Regina begins slicing at the pancakes. "How was your day with her yesterday?"

"Really cool, actually, she told me a lot of stories about Wonderland."

She raises an eyebrow, but her smile is unrelenting. "Is that so?"

"She also told me something, ah," he hesitates, and how he can be so little and yet so grown she doesn't know, "that you never talked about before."

"And what was that?"

"She told me about your sister."

"Ah," says Regina, then takes careful sips from the mug of coffee.

"She said you knew her. I thought you could tell me more."

Something stings just a little under Regina's heart. Perhaps she knew her but never really. How does one acquaint itself with which does not really live?

"I think that's a story for another day, mijo," Regina says apologetically, pinches Henry's chubbying face. He winces and they laugh.

"I still need to wash my dishes. Happy birthday, Mom." He kisses her cheek and he takes off downstairs, closing the door enough but not shutting it.

Regina sighs with mirth, uses her fork and knife to examine each pancake underneath the others. When the door calmly swings open again, she doesn't look up.

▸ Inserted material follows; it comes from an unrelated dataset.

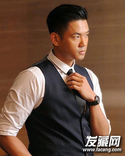 两边的头发几乎铲平,将中间发丝向后梳理光滑,制造出背头的感觉,有一种浓厚的复古味道在内,充满型男魅力。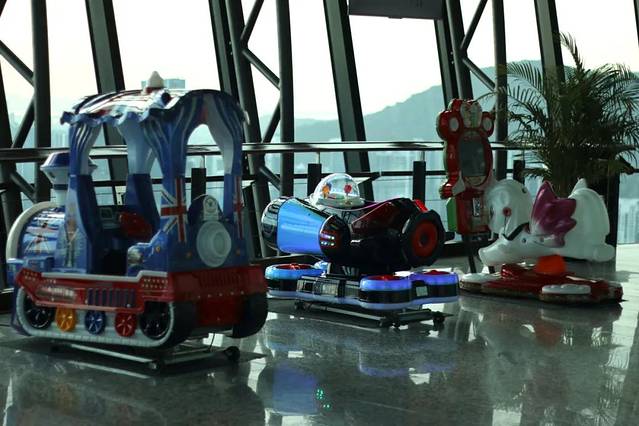 在澳门塔上,视野开阔,澳门半岛、氹仔、路环乃至珠海横琴的风光尽收眼底。观光层设有舒适休息区和望远镜,逛累了就能稍作停歇,俯瞰澳门迷人景色。

"It's about time, Emma. I could tell which ones are yours by how burnt they are on the..."

Regina trails off. There is no one there.

She thinks perhaps it is a practical joke, but then something floats through the doorway, light and with ease. It's a daisy, just like the one Daniel had given her a lifetime ago, right down to the shade of purple in its center.

Regina holds out her hand and it lands flat on her palm. She is silent, and the weight of the mere flower feels like the weight of another's hand instead.

She looks up around her empty bedroom. She remembers all sorts of coldness she's felt throughout her life––the ice of loneliness, of anger, of emptiness––but this one, she had almost forgotten. Her quiet mouth forms a bright, bright smile.

"Hey?" Emma says at the doorway. Regina had not even heard her arrive. "Is everything okay?"

"Yeah," Regina says absently, sets the daisy down next to her where Emma can't see. Then she lifts the remainder of her first pancake with her fork, points it to Emma, and says, "But this has far too much cinnamon."